**Data for the task:**

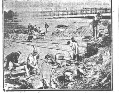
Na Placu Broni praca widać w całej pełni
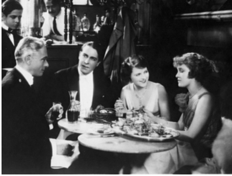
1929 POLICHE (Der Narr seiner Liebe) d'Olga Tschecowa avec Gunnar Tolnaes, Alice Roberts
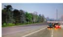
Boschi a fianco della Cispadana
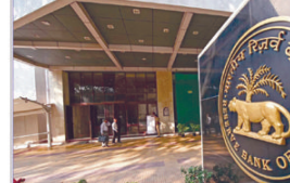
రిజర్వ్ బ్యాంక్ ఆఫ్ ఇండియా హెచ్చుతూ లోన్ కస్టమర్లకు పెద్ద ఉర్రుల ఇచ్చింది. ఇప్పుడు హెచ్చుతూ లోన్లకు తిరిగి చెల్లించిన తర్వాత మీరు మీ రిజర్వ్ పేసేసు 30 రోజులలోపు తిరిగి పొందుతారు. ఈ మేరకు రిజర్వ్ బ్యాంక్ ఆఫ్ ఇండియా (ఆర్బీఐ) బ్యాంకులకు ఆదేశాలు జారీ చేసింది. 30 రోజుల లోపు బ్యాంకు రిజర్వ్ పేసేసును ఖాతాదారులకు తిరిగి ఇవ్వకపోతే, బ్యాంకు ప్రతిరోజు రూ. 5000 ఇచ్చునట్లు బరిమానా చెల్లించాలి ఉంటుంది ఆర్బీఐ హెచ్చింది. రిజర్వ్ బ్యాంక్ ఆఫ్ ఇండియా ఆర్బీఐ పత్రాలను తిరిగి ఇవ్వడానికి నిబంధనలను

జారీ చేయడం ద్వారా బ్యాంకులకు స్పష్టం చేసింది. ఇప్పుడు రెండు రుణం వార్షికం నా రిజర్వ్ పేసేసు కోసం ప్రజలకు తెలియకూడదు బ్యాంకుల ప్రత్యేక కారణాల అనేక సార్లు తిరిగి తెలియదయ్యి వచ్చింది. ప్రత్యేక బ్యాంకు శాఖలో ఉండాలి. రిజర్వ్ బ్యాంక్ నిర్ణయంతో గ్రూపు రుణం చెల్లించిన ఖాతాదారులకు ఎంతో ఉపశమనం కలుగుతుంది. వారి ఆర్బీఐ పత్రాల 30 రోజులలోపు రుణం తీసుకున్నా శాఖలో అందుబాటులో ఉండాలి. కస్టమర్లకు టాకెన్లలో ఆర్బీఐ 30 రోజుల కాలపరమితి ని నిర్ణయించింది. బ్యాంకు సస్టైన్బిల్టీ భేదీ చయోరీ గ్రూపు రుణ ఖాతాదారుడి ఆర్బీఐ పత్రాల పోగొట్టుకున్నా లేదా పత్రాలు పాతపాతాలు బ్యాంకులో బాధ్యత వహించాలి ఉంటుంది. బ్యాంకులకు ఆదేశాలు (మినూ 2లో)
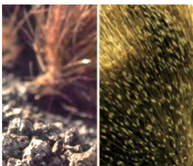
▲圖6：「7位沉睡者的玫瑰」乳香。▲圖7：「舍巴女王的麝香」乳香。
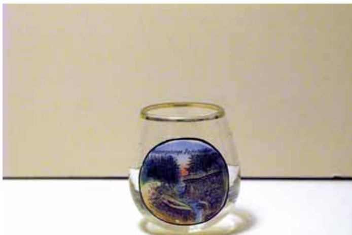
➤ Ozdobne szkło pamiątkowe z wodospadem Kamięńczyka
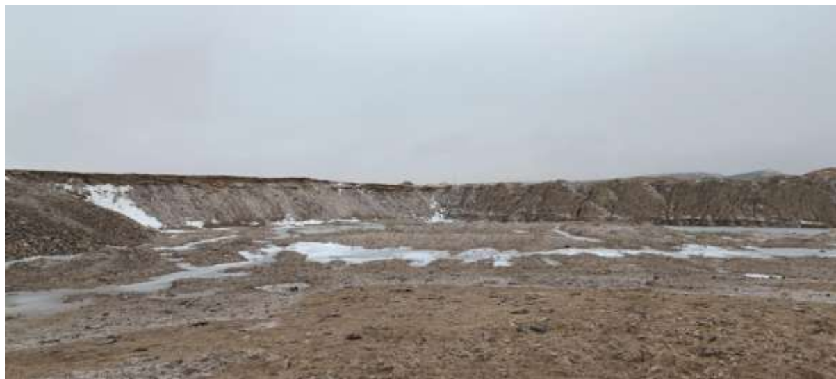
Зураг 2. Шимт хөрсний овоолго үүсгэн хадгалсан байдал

**Exercise goal:** Leave the pictures out and retype only the lines from the line with "Boschi a fianco della Cispadana" through the final line of the material, both ends included, word for word.

**Answer box:**
Boschi a fianco della Cispadana
రిజర్వ్ బ్యాంక్ ఆఫ్ ఇండియా హెచ్చుతూ లోన్ కస్టమర్లకు పెద్ద ఉర్రుల ఇచ్చింది. ఇప్పుడు హెచ్చుతూ లోన్లకు తిరిగి చెల్లించిన తర్వాత మీరు మీ రిజర్వ్ పేసేసు 30 రోజులలోపు తిరిగి పొందుతారు. ఈ మేరకు రిజర్వ్ బ్యాంక్ ఆఫ్ ఇండియా (ఆర్బీఐ) బ్యాంకులకు ఆదేశాలు జారీ చేసింది. 30 రోజుల లోపు బ్యాంకు రిజర్వ్ పేసేసును ఖాతాదారులకు తిరిగి ఇవ్వకపోతే, బ్యాంకు ప్రతిరోజు రూ. 5000 ఇచ్చునట్లు బరిమానా చెల్లించాలి ఉంటుంది ఆర్బీఐ హెచ్చింది. రిజర్వ్ బ్యాంక్ ఆఫ్ ఇండియా ఆర్బీఐ పత్రాలను తిరిగి ఇవ్వడానికి నిబంధనలను

జారీ చేయడం ద్వారా బ్యాంకులకు స్పష్టం చేసింది. ఇప్పుడు రెండు రుణం వార్షికం నా రిజర్వ్ పేసేసు కోసం ప్రజలకు తెలియకూడదు బ్యాంకుల ప్రత్యేక కారణాల అనేక సార్లు తిరిగి తెలియదయ్యి వచ్చింది. ప్రత్యేక బ్యాంకు శాఖలో ఉండాలి. రిజర్వ్ బ్యాంక్ నిర్ణయంతో గ్రూపు రుణం చెల్లించిన ఖాతాదారులకు ఎంతో ఉపశమనం కలుగుతుంది. వారి ఆర్బీఐ పత్రాల 30 రోజులలోపు రుణం తీసుకున్నా శాఖలో అందుబాటులో ఉండాలి. కస్టమర్లకు టాకెన్లలో ఆర్బీఐ 30 రోజుల కాలపరమితి ని నిర్ణయించింది. బ్యాంకు సస్టైన్బిల్టీ భేదీ చయోరీ గ్రూపు రుణ ఖాతాదారుడి ఆర్బీఐ పత్రాల పోగొట్టుకున్నా లేదా పత్రాలు పాతపాతాలు బ్యాంకులో బాధ్యత వహించాలి ఉంటుంది. బ్యాంకులకు ఆదేశాలు (మినూ 2లో)
▲圖6：「7位沉睡者的玫瑰」乳香。▲圖7：「舍巴女王的麝香」乳香。
➤ Ozdobne szkło pamiątkowe z wodospadem Kamięńczyka
Зураг 2. Шимт хөрсний овоолго үүсгэн хадгалсан байдал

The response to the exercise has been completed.